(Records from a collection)
Start of Block
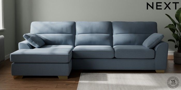 7.3.1 Buy Stamford Highback Large Sofa Chaise - Left Hand Relaxed Linen Look Mid Blue Large Square Angle - Brushed Brass from the Seasons online shop Click here to use our website with more accessibility support, for example screen readers
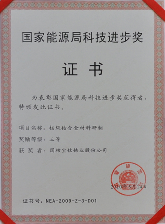 國核寶鈦鋯業股份公司《核級鋯合金材料研制》獲2009年度國家能源局科技進步三等獎
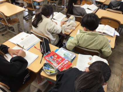 11/18 5年国語1 公開日 2025/11/18 更新日 2025/11/18 各学年から 5年国語では、和の文化を受けつぐという文章を読み進めています。「本文とインタビュー記事を読み比べて分かることを考えよう」というめあてで学習を進めていました。
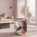 مقعد تخزين جانبي روومرز مخملي وردي برسمة طيور من مجموعة نورديك، قطعة أثاثٍ فريدة تجمع بين الأناقة والعملية.
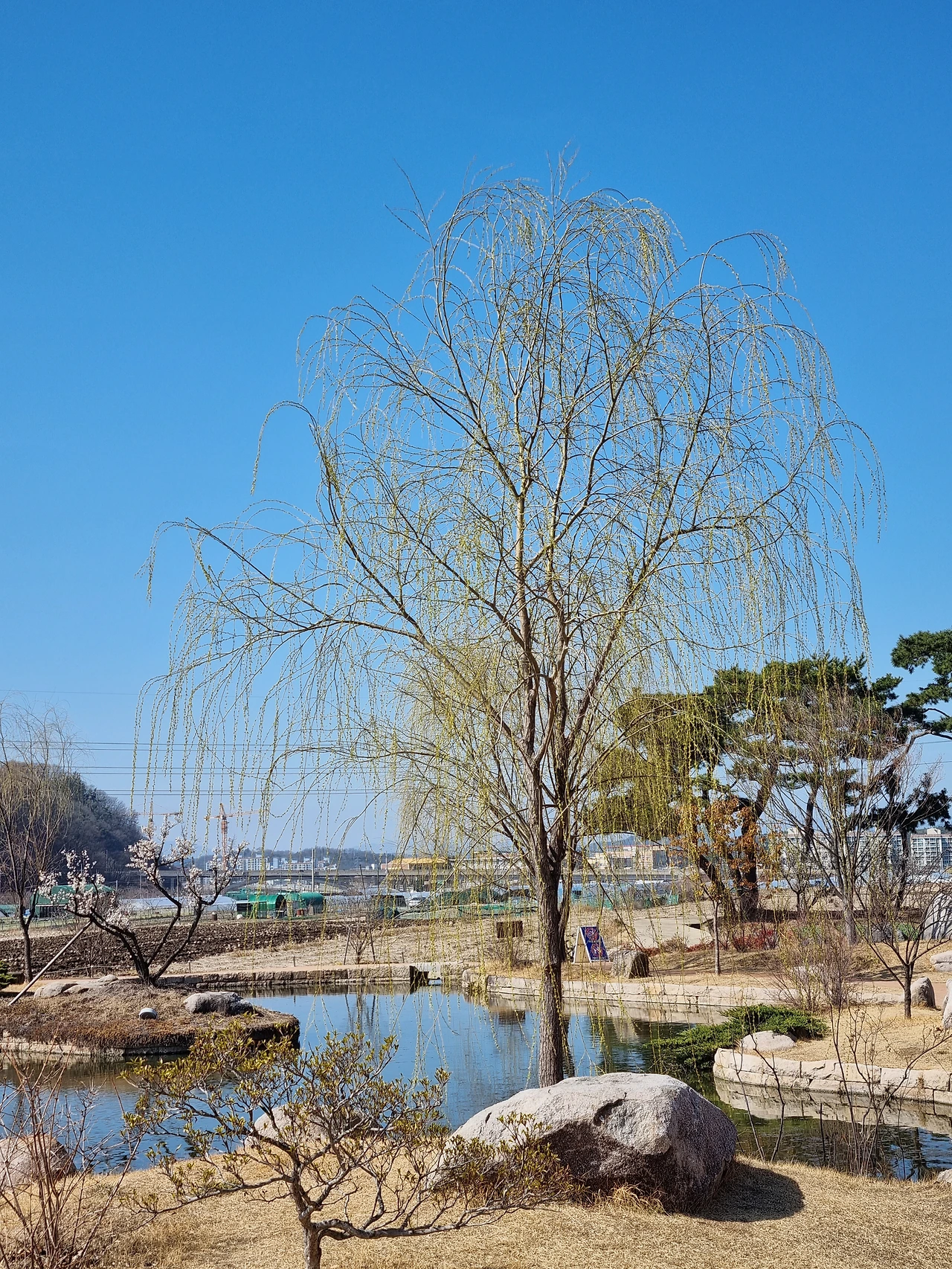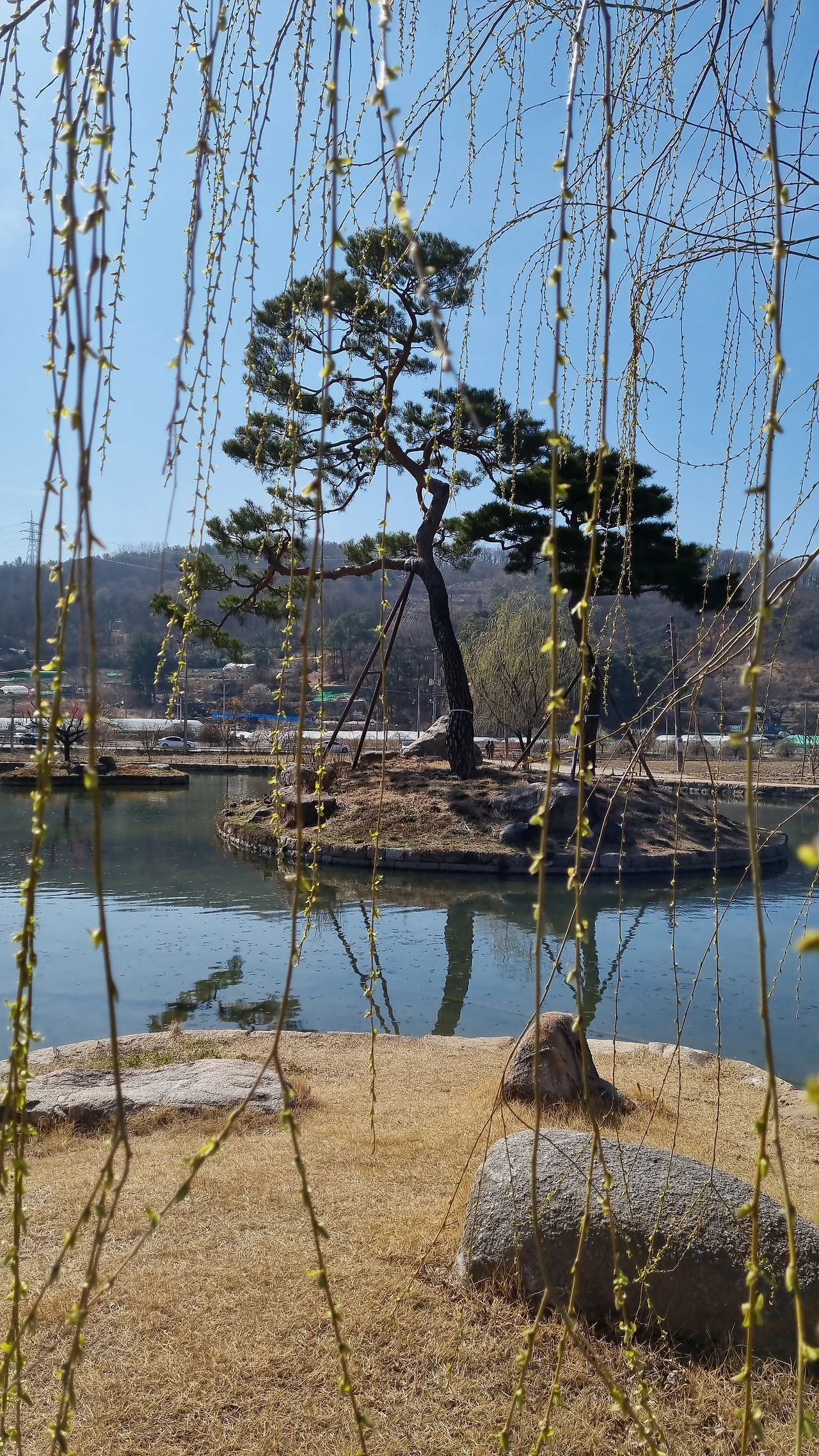 연못 근처에 있는 버드나무 가지에서는 귀여운 아기 새싹들이 돋아나고 있었다. 새싹들은 아직 덜 여문 초록빛이었다. 축 늘어진 가지들이 바람 따라 흔들흔들 춤을 췄다. 아름다운 풍경이었다.
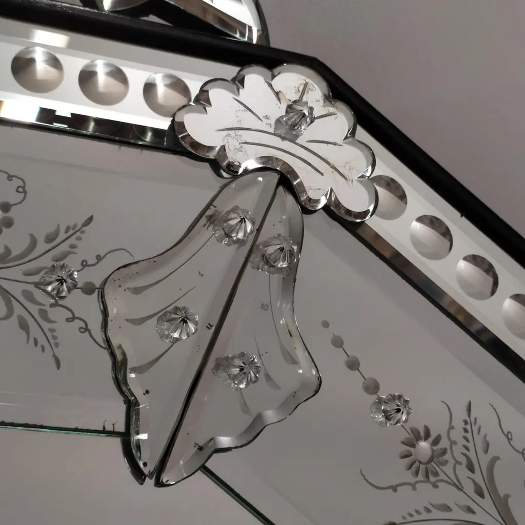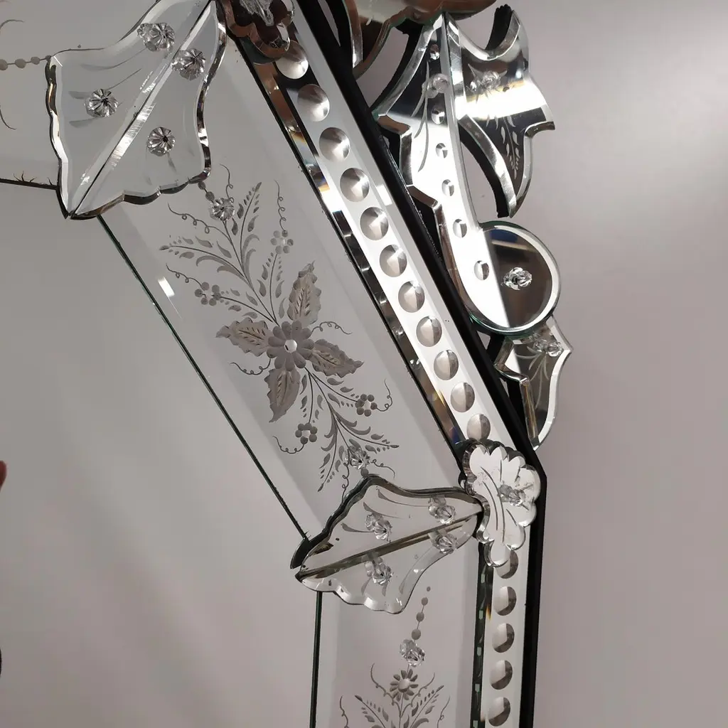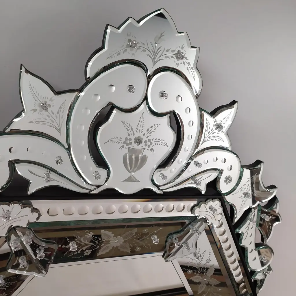 Luxurious mirror in Murano glass, in 19th century French style, made by Fratelli Tosi on the island of Murano, all bevelled, engraved. Carved and polished entirely by hand, the silvering in pure silver is still performed today following the ancient formulas of Venetian mirrors. The band that embraces the central mirror is carved with a floral subject, while the external one with a sequence of bubbles all silvering by hand, this to give brilliance and luminosity to this extraordinary mirror made in Murano - Italy.
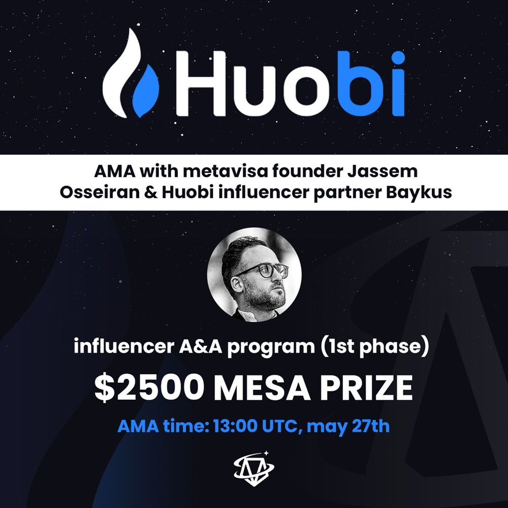 Join #metavisa founder Jassem Osseiran & @HuobiGlobal influencer partner Baykus for an AMA 13:00 UTC, May 27th over on Twitter Spaces
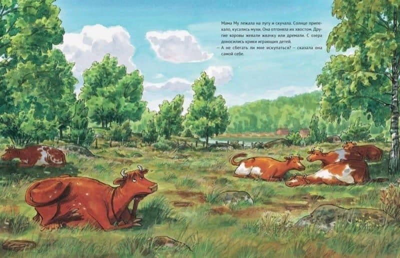 Самая непоседливая на свете корова Мама Му не может спокойно пастись на лугу, когда на дворе стоит погожий денёк. Она украдкой сбегает на озеро. Но по дороге Мама Му падает!
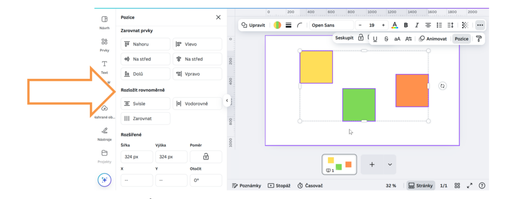 Než začnete se studiem této lekce, otevřete si modul prezentace v Canvě a vložte do pracovní plochy tři prvky, které chcete upravit. Pro společné operace budete pracovat s více objekty najednou (víceprvkový výběr) – budeme se učit, jak zajistit, aby úpravy zarovnání, rozestupů či vrstvení proběhly konzistentně v celém výběru.
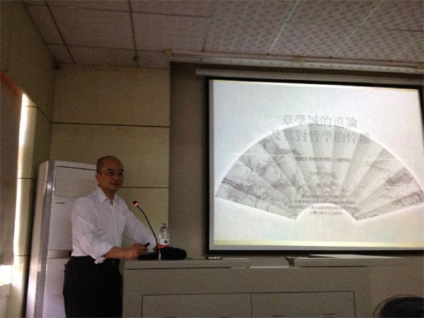 8日下午,郑吉雄教授在五楼自拍 小报告厅举行了题为《章学诚的道论及其对哲学的悖理》的第三次讲座。郑教授研究此论题的动机是为了回应余英时先生的观点,余先生的《论戴震与章学诚》一书重视戴、章思想之分立,为经学与史学的对立,但未着眼于章学诚思想是戴震思想的发展转化。郑教授则认为,戴震反程朱立场鲜明,但究其极,戴震的兴趣在哲学。而章学诚则将戴震之“理”转化为“道”论,始脱离哲学的范围,完全进入文化史的领域,可以说是对哲学的彻底悖理。
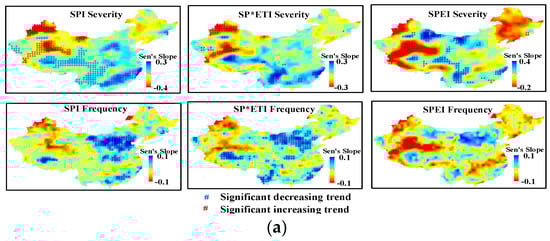 Generally, the variation trend of drought severity and frequency in China in the 21st century is not obvious, but the local variation trends are much more significant. Drought in most parts of Xinjiang Province(73°40′ E–96°23′ E, 34°22′ N–49°10′ N), Northern Tibet(78°25′ E–99°6′ E, 26°43′N–36°31′ N), and Western Qinghai Province(89°24′ E–103°4′ E, 31°24′ N–39°4′ N) show a significantly increasing trend. Drought in the North China Plain and China’s southeastern coast shows a decreasing trend.
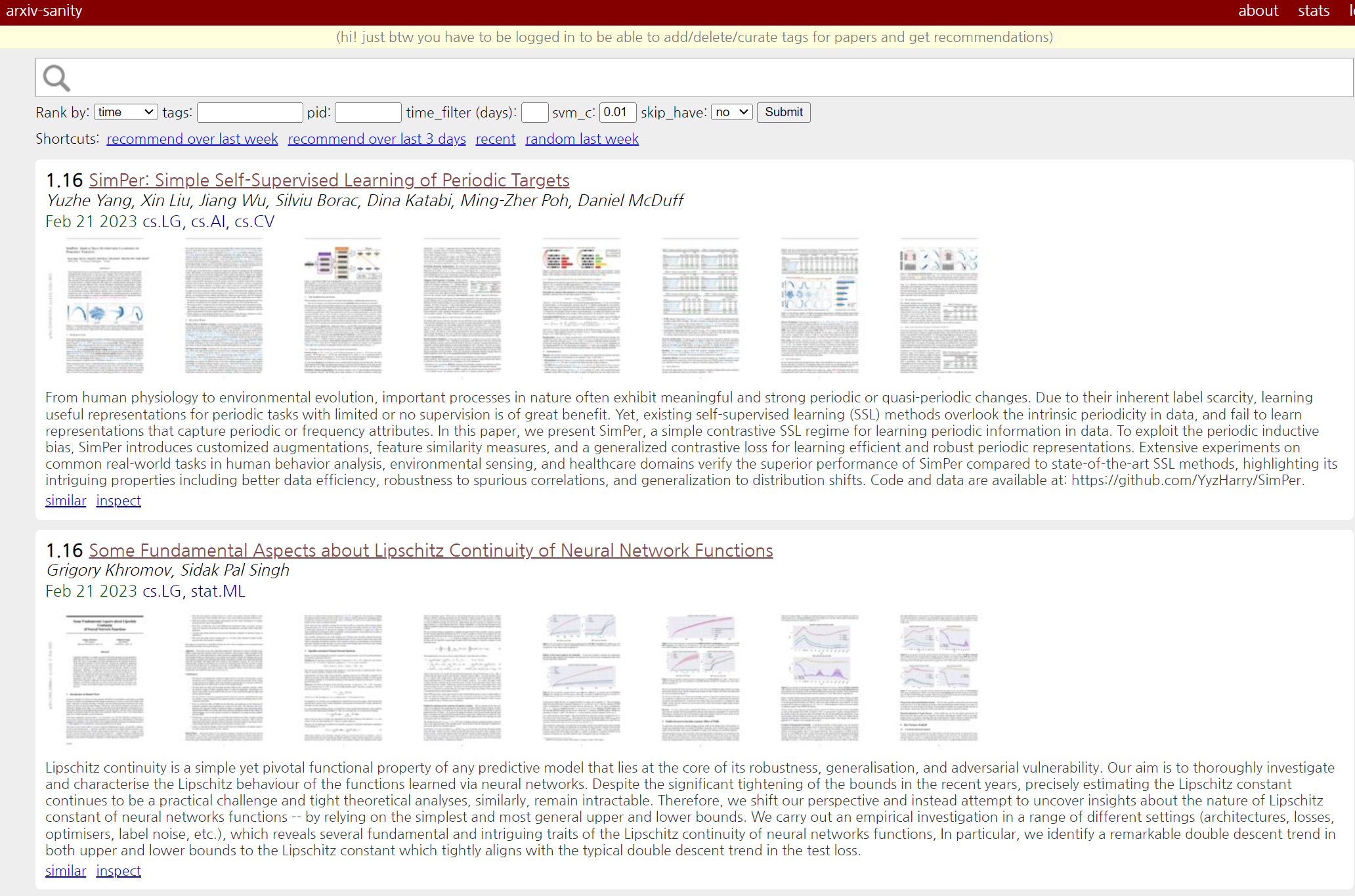 7.arxiv-sanity- 로그인하면 관심 있는 분야의 최신 논문을 모아 보여주는 사이트.
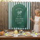 Decore o fim de semana de despedida de solteira com estilo esportivo com esta tapeçaria chique com tema de tênis. Apresenta uma ilustração de coquetel e raquete verde e a frase divertida "Último swing antes do anel". Perfeita como pano de fundo para fotos, banner de parede de quarto de hotel, decoração de área de boas-vindas ou decoração de suíte para viagem de garotas.
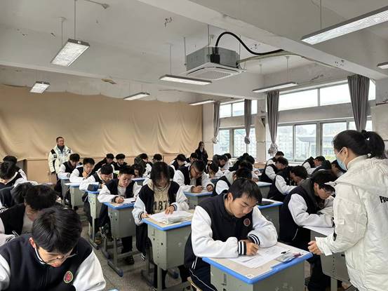 此次考试为期1天,巡考教师认真履行巡考职责、做好巡查监督,考场监考教师认真履行监考职责,考生严格遵守考场纪律、全神贯注、认真作答,整个考场安静严肃、并然有序。
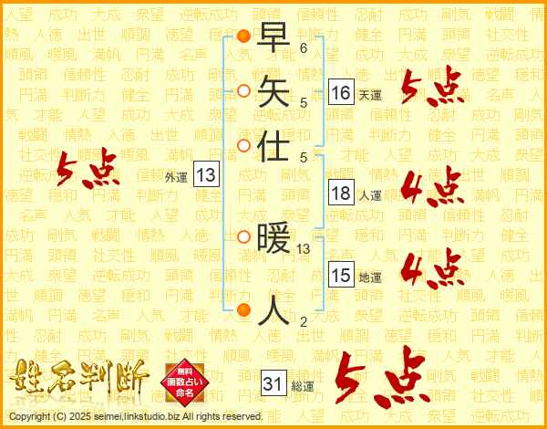 早(6画)矢(5画)仕(5画) 暖(13画)人(2画)
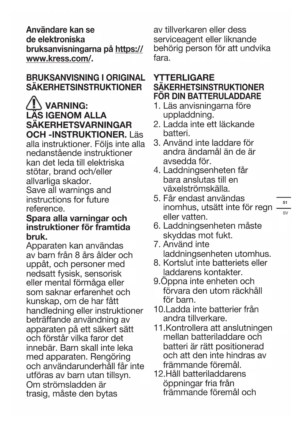 skydda dem mot smuts och fukt. Förvara enheten på en torr och frostfri plats. 13.Under laddning av batterier, kontrollera att batteriladdaren är placerad i ett väl ventilerat utrymme och långt bort från antändliga material. Batterier kan bli heta under laddning. Överladda inte batterier. Batterier och laddare får inte lämnas utan uppsikt under laddning. 14.Ladda inte engångsbatterier, eftersom de kan överhettas och gå sönder. 15.Om batteriet laddas i en temperatur mellan 18 och 24 grader får batteriet högre kapacitet och längre livslängd. Ladda inte batteriet i temperaturer under 0 eller över 40 grader. Detta är mycket viktigt eftersom det förhindrar allvarliga skador på batteriet. 16.Ladda endast batteripaket av samma modell som tillhandahålls av Kress och modeller som rekommenderas av Kres
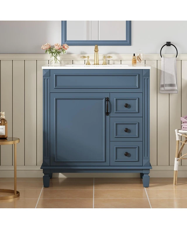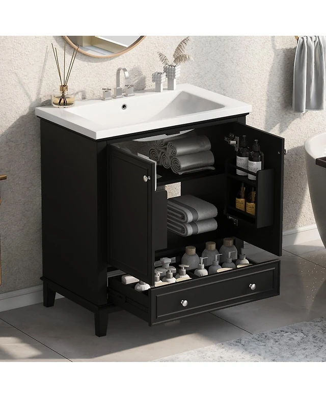 Sillysis 30" Bathroom Vanity with Ceramic Sink, Modern Storage Cabinet 2 Soft-Close Doors & Deep Drawer for Small Bathrooms
End of Block
■ Exercise directions
Without changing a word, retype the data above and omit its pictures.

■ Answer below
 7.3.1 Buy Stamford Highback Large Sofa Chaise - Left Hand Relaxed Linen Look Mid Blue Large Square Angle - Brushed Brass from the Seasons online shop Click here to use our website with more accessibility support, for example screen readers
 國核寶鈦鋯業股份公司《核級鋯合金材料研制》獲2009年度國家能源局科技進步三等獎
 11/18 5年国語1 公開日 2025/11/18 更新日 2025/11/18 各学年から 5年国語では、和の文化を受けつぐという文章を読み進めています。「本文とインタビュー記事を読み比べて分かることを考えよう」というめあてで学習を進めていました。
 مقعد تخزين جانبي روومرز مخملي وردي برسمة طيور من مجموعة نورديك، قطعة أثاثٍ فريدة تجمع بين الأناقة والعملية.
 연못 근처에 있는 버드나무 가지에서는 귀여운 아기 새싹들이 돋아나고 있었다. 새싹들은 아직 덜 여문 초록빛이었다. 축 늘어진 가지들이 바람 따라 흔들흔들 춤을 췄다. 아름다운 풍경이었다.
 Luxurious mirror in Murano glass, in 19th century French style, made by Fratelli Tosi on the island of Murano, all bevelled, engraved. Carved and polished entirely by hand, the silvering in pure silver is still performed today following the ancient formulas of Venetian mirrors. The band that embraces the central mirror is carved with a floral subject, while the external one with a sequence of bubbles all silvering by hand, this to give brilliance and luminosity to this extraordinary mirror made in Murano - Italy.
 Join #metavisa founder Jassem Osseiran & @HuobiGlobal influencer partner Baykus for an AMA 13:00 UTC, May 27th over on Twitter Spaces
 Самая непоседливая на свете корова Мама Му не может спокойно пастись на лугу, когда на дворе стоит погожий денёк. Она украдкой сбегает на озеро. Но по дороге Мама Му падает!
 Než začnete se studiem této lekce, otevřete si modul prezentace v Canvě a vložte do pracovní plochy tři prvky, které chcete upravit. Pro společné operace budete pracovat s více objekty najednou (víceprvkový výběr) – budeme se učit, jak zajistit, aby úpravy zarovnání, rozestupů či vrstvení proběhly konzistentně v celém výběru.
 8日下午,郑吉雄教授在五楼自拍 小报告厅举行了题为《章学诚的道论及其对哲学的悖理》的第三次讲座。郑教授研究此论题的动机是为了回应余英时先生的观点,余先生的《论戴震与章学诚》一书重视戴、章思想之分立,为经学与史学的对立,但未着眼于章学诚思想是戴震思想的发展转化。郑教授则认为,戴震反程朱立场鲜明,但究其极,戴震的兴趣在哲学。而章学诚则将戴震之“理”转化为“道”论,始脱离哲学的范围,完全进入文化史的领域,可以说是对哲学的彻底悖理。
 Generally, the variation trend of drought severity and frequency in China in the 21st century is not obvious, but the local variation trends are much more significant. Drought in most parts of Xinjiang Province(73°40′ E–96°23′ E, 34°22′ N–49°10′ N), Northern Tibet(78°25′ E–99°6′ E, 26°43′N–36°31′ N), and Western Qinghai Province(89°24′ E–103°4′ E, 31°24′ N–39°4′ N) show a significantly increasing trend. Drought in the North China Plain and China’s southeastern coast shows a decreasing trend.
 7.arxiv-sanity- 로그인하면 관심 있는 분야의 최신 논문을 모아 보여주는 사이트.
 Decore o fim de semana de despedida de solteira com estilo esportivo com esta tapeçaria chique com tema de tênis. Apresenta uma ilustração de coquetel e raquete verde e a frase divertida "Último swing antes do anel". Perfeita como pano de fundo para fotos, banner de parede de quarto de hotel, decoração de área de boas-vindas ou decoração de suíte para viagem de garotas.
 此次考试为期1天,巡考教师认真履行巡考职责、做好巡查监督,考场监考教师认真履行监考职责,考生严格遵守考场纪律、全神贯注、认真作答,整个考场安静严肃、并然有序。
 早(6画)矢(5画)仕(5画) 暖(13画)人(2画)
 skydda dem mot smuts och fukt. Förvara enheten på en torr och frostfri plats. 13.Under laddning av batterier, kontrollera att batteriladdaren är placerad i ett väl ventilerat utrymme och långt bort från antändliga material. Batterier kan bli heta under laddning. Överladda inte batterier. Batterier och laddare får inte lämnas utan uppsikt under laddning. 14.Ladda inte engångsbatterier, eftersom de kan överhettas och gå sönder. 15.Om batteriet laddas i en temperatur mellan 18 och 24 grader får batteriet högre kapacitet och längre livslängd. Ladda inte batteriet i temperaturer under 0 eller över 40 grader. Detta är mycket viktigt eftersom det förhindrar allvarliga skador på batteriet. 16.Ladda endast batteripaket av samma modell som tillhandahålls av Kress och modeller som rekommenderas av Kres
 Sillysis 30" Bathroom Vanity with Ceramic Sink, Modern Storage Cabinet 2 Soft-Close Doors & Deep Drawer for Small Bathrooms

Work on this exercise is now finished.